Kobe has a way of refocusing the national focus off his suspensions on to him dropping 65 and 50 in consecutive games. I guess all the idiots who claims Kobe is a dirty fouler can just shut up now and respect the greatness. 

Sure is easy when Luke and lamar are playing. 

Bynum getting into it with Pj is a bad look. Bynum has been playing like an idiot lately he needs to just fall back. He's so soft it isn't funny his defense in the 4th almost cost us. 

we're building some momentum now.

Carmelo has gotta be sick that Kobe is gonna win the scoring title because you just know it really matters to him. He's probably saying to himself damn it AI you're taking my shots.


----------



## The One (Jul 10, 2005)

jazzy1 said:


> Bynum getting into it with Pj is a bad look. Bynum has been playing like an idiot lately he needs to just fall back.
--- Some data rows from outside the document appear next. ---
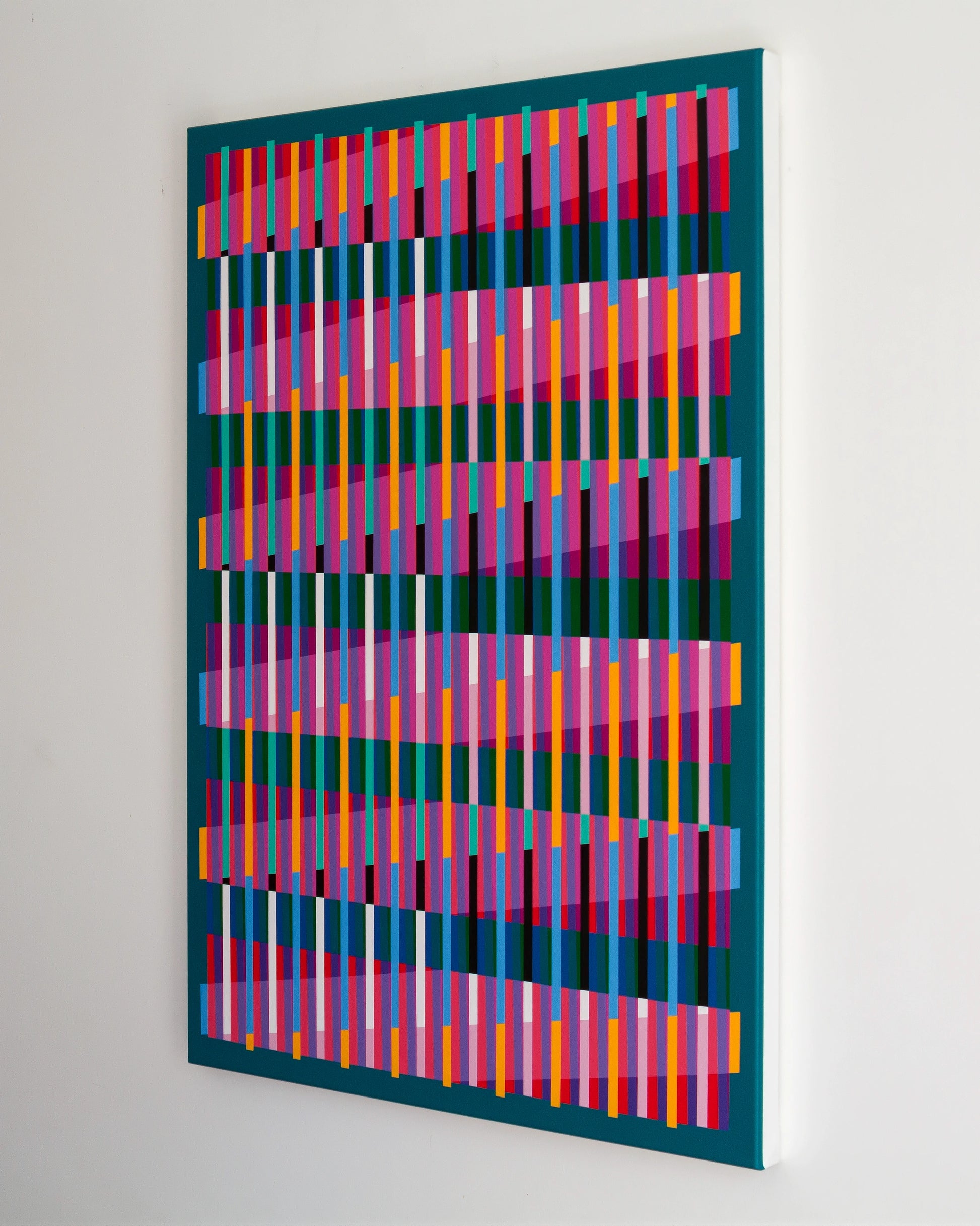 Stripes of bold colour twist and morph across the canvas, producing dynamic, almost optical effects. Joyful, curious, and upbeat, these works are rich in movement and light, offering a bold presence for contemporary interiors. While each painting stands powerfully alone, they form a compelling conversation as a trio.
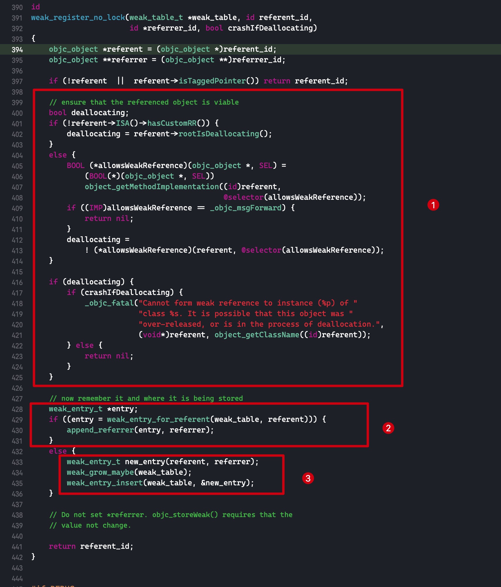 对象被弱引用者引用了, 则修改对象 isa 指针上位域的信息, 将weakly_referenced置为 YES, 表示该对象被一个弱引用者引用.
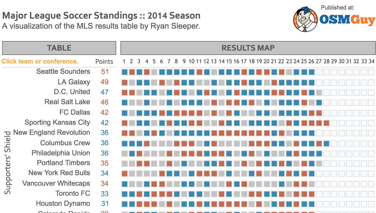 For this reason, I took my own shot at reinventing Major League Soccer standings two years ago. Here was my first attempt at visualizing sports standings:
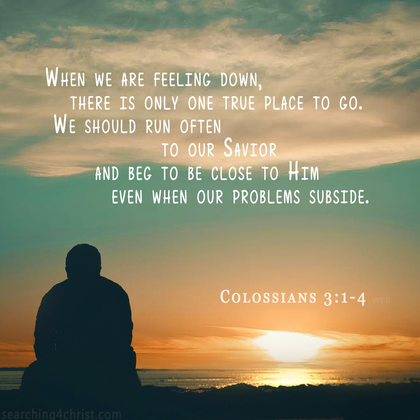 1. If then you were raised together with Christ, seek the things that are above, where Christ is, seated on the right hand of God. 2. Set your mind on the things that are above, not on the things that are on the earth. 3. For you died, and your life is hidden with Christ in God. 4. When Christ, our life, is revealed, then you will also be revealed with him in glory. Colossians 3:1-4
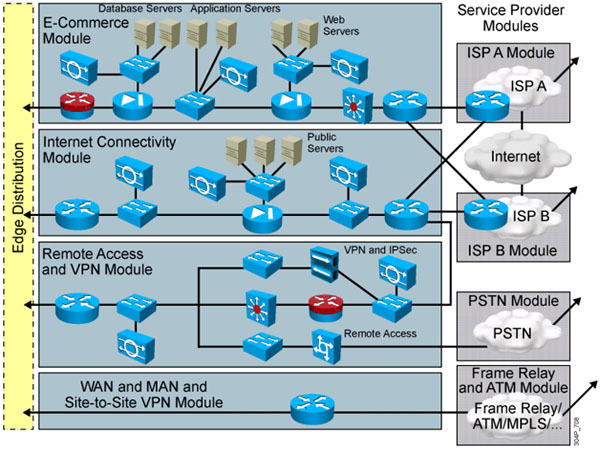 + WAN/ MAN and site-to-site module: provides connectivity between remote sites and the central site over various WAN technologies.
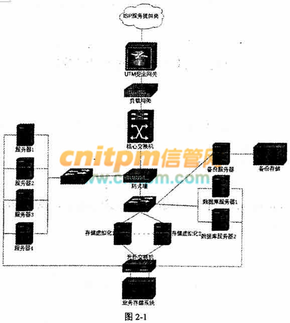 图2-1为某企业数据中心拓扑图,图中网络设备接口均为千兆带宽,:服务器1至服务器4均配置为4颗CPU、256GB内存、千兆网卡。实际使用中发现服务器使用率较低,为提高资产利用率,进行虚拟化改造,拟采用裸金属架构,将服务器1至服务器4整合为一个虚拟资源池。图中业务存储系统共计50TB,其中10TB用于虚拟化改造后的操作系统存储,20TB用于Oracle数据库存储,20TB分配给虚拟化存储用于业务数据存储。
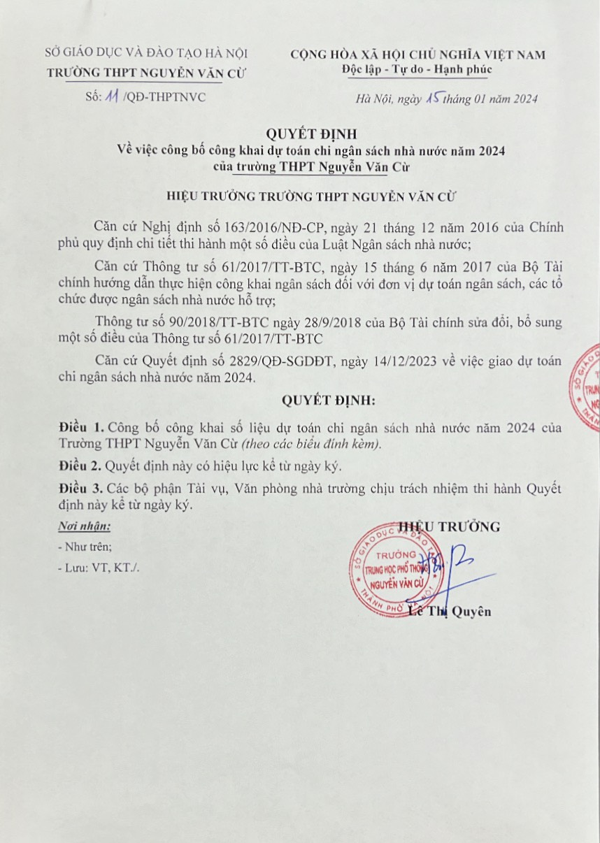 • Công khai tài chính theo quyết đinh của UBND TP Hà Nội
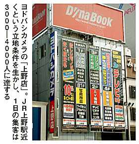 上野地区や近隣の地域では競合店がないというヨドバシカメラの上野店。だが、ビックカメラが3月10日にJR常磐線の柏駅前に大型店舗をオープンした。当然、意識せざるを得ない。「上野の地元住民だけでなく、JR常磐線を利用して柏や取手から訪れるユーザーも多い」ためだ。春商戦はポイント還元率をアップするなど、特別キャンペーンを実施し、現段階では売上高にダメージを受けていない。もっとも、「今後は来店者数が減少する危険性もある」と危機感を募らせる。
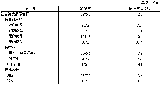 國內(nèi)貿(mào)易:全市實(shí)現(xiàn)社會消費(fèi)品零售額3275.2億元,比上年增長12.8%,扣除物價(jià)上漲因素,實(shí)際增長12.6%。在限額以上批發(fā)零售企業(yè)零售額中,通訊器材類增長21.2%,家用電器和音像器材類增長11.9%,家具類增長26.4%,汽車類增長17.3%,石油及制品類增長35.1%。
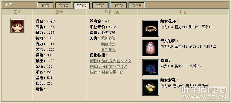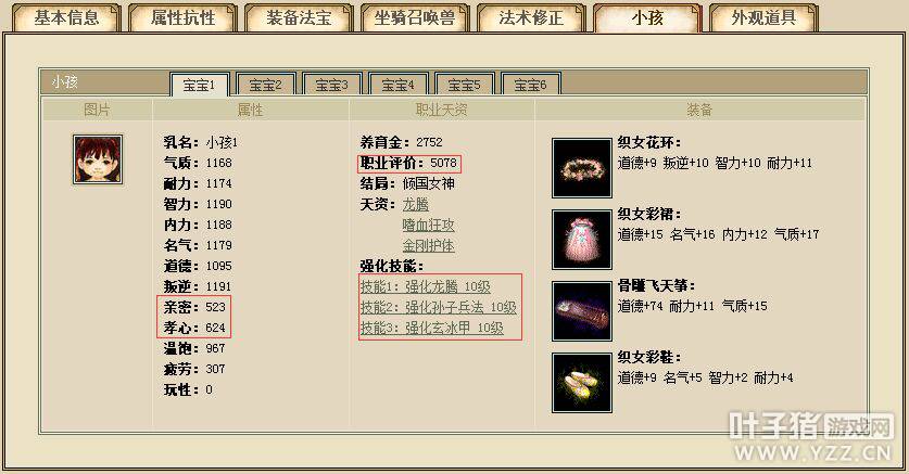 第一个孩子是老版孩子,亲密523孝心624,强化天资三个10级;这个孩子是他的混孩子,男人PK号必备的孩子,通常会使用的天资是:玄冰甲、金刚护体、孙子兵法;而因为飘渺郎君在去年团P的时候多数使用的是高敏混、超敏混,所以他的孩子有用龙腾,至于天资里的嗜血狂攻和金刚护体我想应该是后期换成男鬼上大力用的,天资强化没有更换。 亮点有二: 1、5078评价,配合装备,这个孩子是7项1200的。 2、将玄冰甲这个天资强化在第三个技能栏中,因为神结局的孩子第三个天资技能强化栏是可以强化所有天资;因为可出现的情况增多,从而导致在第三个技能栏强化天资变难;而玄冰甲这个天资在目前主流的PK阵型中,用的比较多,因为水法的好事成双,导致血队无论是女魔、男鬼、男人、仙(火力)都会需要玄冰甲。 而第一、第二个技能栏只能强化高级天资,相对就会比较容易。在更换种族、天资更换的过程中,天资的再次强化就会容易。 第三个孩子是个新孩子,新孩子的养法很常规,放弃道德,因为有1点玩性,所以评价看起来低了点,实际上评价是5012的。 这个孩子应该是后期飘渺郎君换成男鬼后才养育的,所以目前看到的是一个非成品,使用鬼族天资的状态。
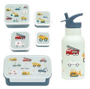 BEAU by Bo A Little Lovely Company Back to school set - Drinkfles RVS/4 Snackdozen/Bentobox - Voertuigen
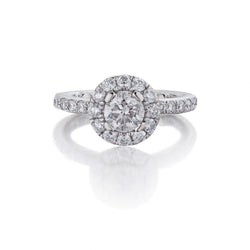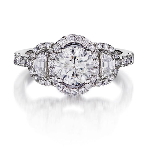 1.20 Carat Round Brilliant Cut Diamond Halo Half-Moon Diamond Ring
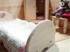 Комплект мебели для кукол из массива дерева. Мечта каждой девочки и отличный подарок на любой праздник. Комплект выполнен для куклы Бэбибон ( рост 43 см). Также можно приобрести все по отдельности. Кровать 20*50 см 700 рублей Шкаф, кстати внутри есть даже плечики для одежды ...

He's so soft it isn't funny his defense in the 4th almost cost us.


Very true.

I was wondering, though, what Phil was trying to prove because it was very obvious that Bynum was laggin on defense the whole fourth quarter, but Phil never took him out until like a minute in a half left (when Bynum got into a argument). Even Kwame looked fustrated on the bench while Bynum was missing rotations and Phil was not subbing Bynum out.


----------



## Basel (Mar 31, 2005)

Back to back wins with games coming up against Memphis and New Orleans? If we can get those two (which are VERY winnable) it would be great for this team's confidence. A 4-game win streak would be great at this point in the season.


----------



## Silk D (Feb 6, 2006)

The One said:


> Very true.
> 
> I was wondering, though, what Phil was trying to prove because it was very obvious that Bynum was laggin on defense the whole fourth quarter, but Phil never took him out until like a minute in a half left (when Bynum got into a argument). Even Kwame looked fustrated on the bench while Bynum was missing rotations and Phil was not subbing Bynum out.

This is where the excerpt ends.